During the so-called Great Recession, which caused unemployment to skyrocket and inflation to plummet, Kevin Warsh — then a member of the Fed’s Board of Governors — repeatedly said inflation was lurking around the corner.
“I continue to be more worried about upside risks to inflation than downside risk,” Warsh told his Fed colleagues in April 2009, when the unemployment rate reached 9% and inflation sank below zero.
Warsh, whom Trump nominated to the United States’ central bank on Friday, has seemingly changed his mind about monetary policy – but only after the Republican Party got a new leader in Trump who preferred lower interest rates to high ones. The flip-flop is key to the case against Warsh: He’s more of a political climber than an economic leader, and his loyalty to Trump could undermine the Fed’s independence from political interference.
“He wants to say whatever Donald Trump wants him to say,” Sen. Elizabeth Warren (D-Mass.) told reporters at the Capitol on Friday. “He needs to show some independence. So far, all he has done is shown that he would be an excellent sock puppet for Donald Trump.”

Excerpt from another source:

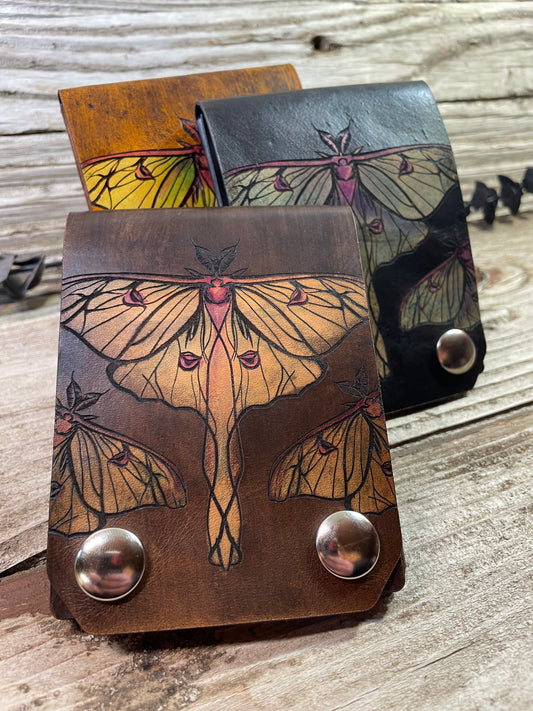 Luna Moth Leather KeyChain Card Wallet

Warsh, who was trained as a lawyer rather than as an economist, was plucked out of George W. Bush’s White House in 2006 to become the youngest-ever member of the Federal Reserve’s Board of Governors at age 35. He is married to the daughter of Ronald Lauder, the billionaire heir to a cosmetics fortune and a major GOP donor who gave $5 million to Trump’s super PAC last year.
For the past year, Warsh has criticized the Federal Reserve, insinuating they’ve kept interest rates too high and blaming them for failing to stop inflation before it started.
“Their policies did a lot of harm, and the president has to dig out from those,” Warsh said on Fox Business last fall. “The Fed’s policies are working at cross purposes with the president’s policies.”
It’s an unintentionally good point — the Fed under Powell has kept interest rates near 4% to fight inflation, while Trump has enacted tariffs that have boosted prices. Still, Trump would prefer the Fed to slash interest rates, reducing the cost of money to boost borrowing and spending.
For now, it appears Warsh’s nomination doesn’t have a path through the Senate, since Sen. Thom Tillis (R-N.C.), a member of the banking committee, has said he’ll block any nominees so long as the Trump Justice Department continues its criminal investigation of Powell.
“Protecting the independence of the Federal Reserve from political interference or legal intimidation is non-negotiable,” Tillis said in a statement.
Still, Tillis described Warsh as a well-qualified nominee. Many Republicans similarly warned about inflation during the Great Recession and its aftermath, even when no inflation was in sight.
The Fed also regulates banks, and Warsh would likely pursue a traditional Republican deregulatory agenda, said Graham Steele, a fellow at Stanford University’s Rock Center for Corporate Governance and former Treasury Department official.
“Should he be confirmed, we’re going to see a continuation of some of the misguided policy this administration is already doing, of weakening the rules that constrain Wall Street, deregulating the financial system in a way that had bad consequences for Main Street like the last time he was at the Federal Reserve,” Steele told HuffPost. “You’ve seen this movie before.”
The Fed jacked up interest rates in response to soaring prices in 2022, betting inflation would come down without unemployment rising — a bet that proved mostly correct, contrary to the expectations of Warren and many economists.
Warsh has lobbed populist criticism at the Fed, while suggesting, if not outright saying, that interest rates should be lower. He’s said that if the central bank sold off some of the financial assets it’s purchased over the years, it would have room to reduce interest rates without causing inflation. He’s also claimed artificial intelligence will put significant downward pressure on prices.
“Americans would benefit from higher take-home pay and greater purchasing power if only the Federal Reserve’s leadership stopped defending its mistakes and started correcting them,” he wrote in a November Wall Street Journal op-ed. “The Fed’s bloated balance sheet, designed to support the biggest firms in a bygone crisis era, can be reduced significantly. That largesse can be redeployed in the form of lower interest rates to support households and small and medium-size businesses.”